Action item: Please repeat exactly the lines from the one containing "Natural Peridot Stud" to the end of the entries below, both included, and omit all pictures.

##### Extracted records

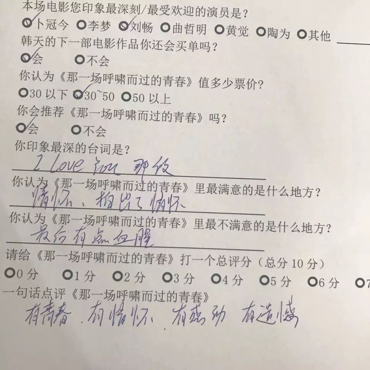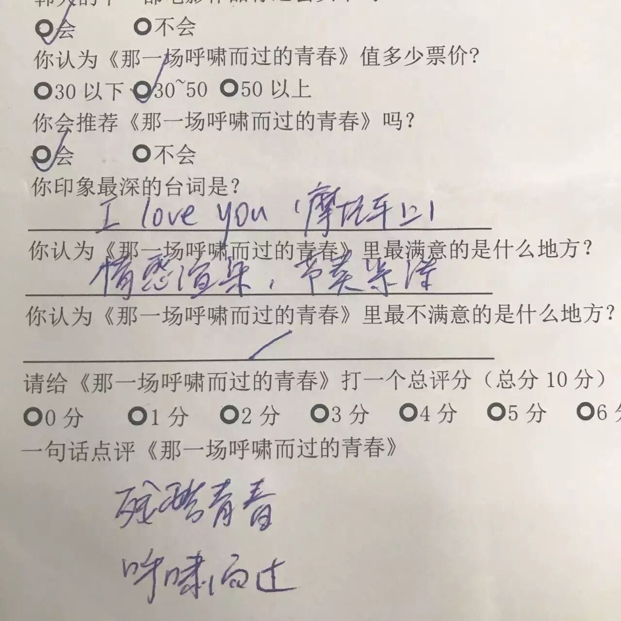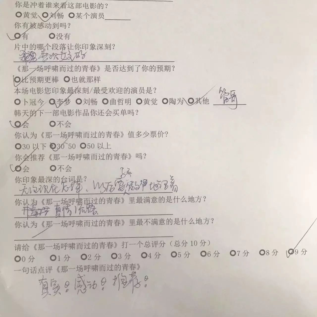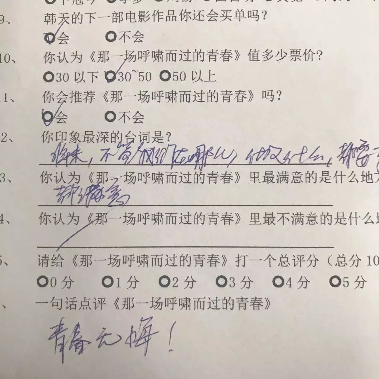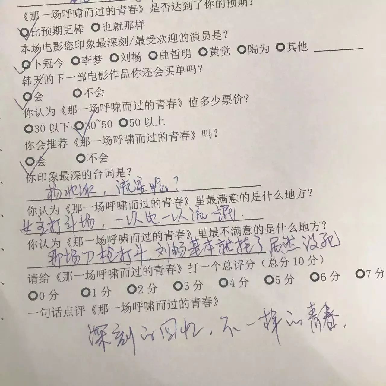 “和《致青春》《匆匆那年》比,《呼啸》是8.5分;和《萨玛莉亚的女孩》、《十三棵泡桐》比,那么是7.5分。我个人很喜欢,也会给朋友推荐。我能深刻体会到导演想要传达给我们的一些深刻的东西。青春过去就是过去了,无论过程的好坏,我们都应该要move on 。”
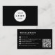 Simple modern contemporary basic black and white custom logo business card with bold typography, QR code, and social media icons.
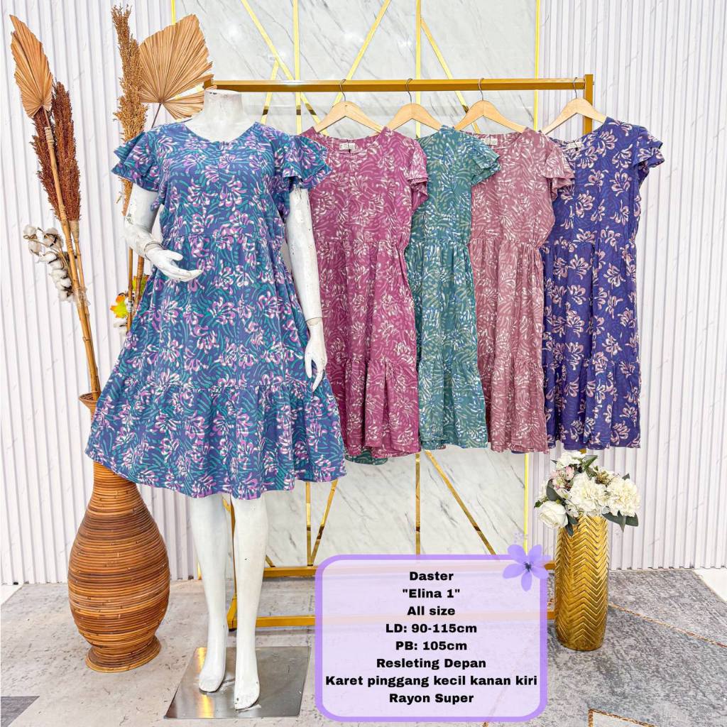 Alizta Daster Resleting Dress Motif Batik Cap Rayon Premium Lengan Pendek Busui Bumil Wanita AllSize
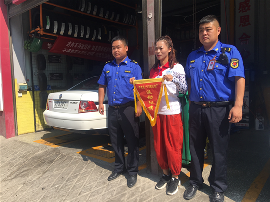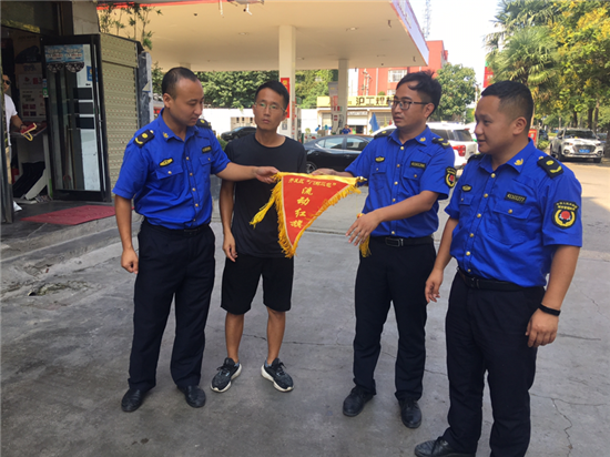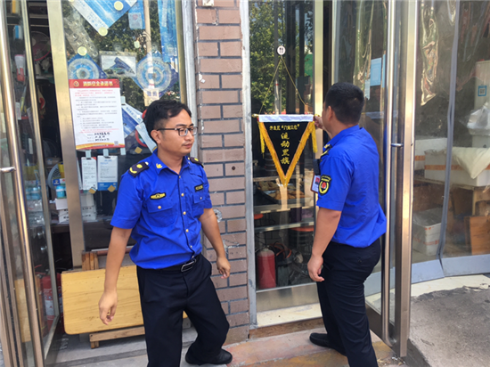夏日的陽光透過清澈的天空照下來,街很凈,樹很綠。8月18日是開發(fā)區(qū)城管稽查大隊(duì)進(jìn)行“門前三包”流動(dòng)紅旗和流動(dòng)黑旗評(píng)選的日子。開發(fā)區(qū)城管稽查大隊(duì)工作人員根據(jù)綜合評(píng)比標(biāo)準(zhǔn),分別為“門前三包”工作突出的門店懸掛流動(dòng)紅旗,為“門前三包”工作不力的門店懸掛黑旗。
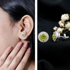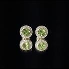 Natural Peridot Stud Earrings with Diamond Halo
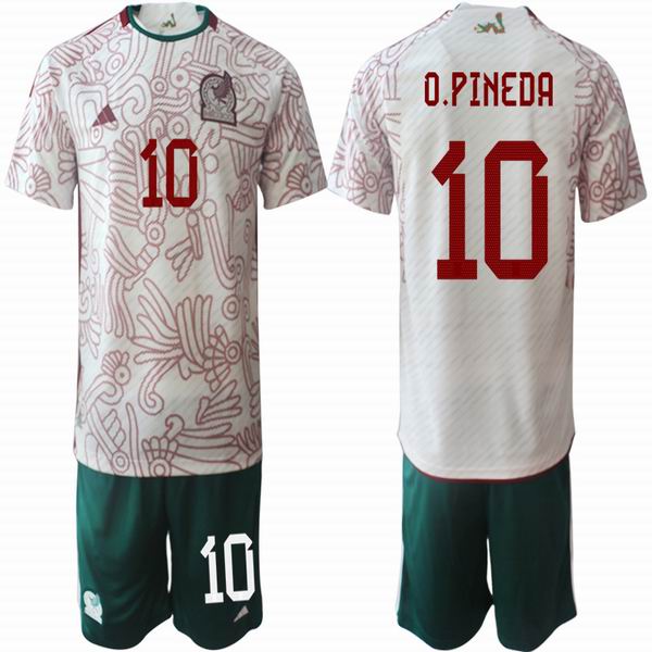 2022 World Cup Mexico Team #10 O.PINEDA white red green soccer jerseys away

##########

Solution:
 Natural Peridot Stud Earrings with Diamond Halo
 2022 World Cup Mexico Team #10 O.PINEDA white red green soccer jerseys away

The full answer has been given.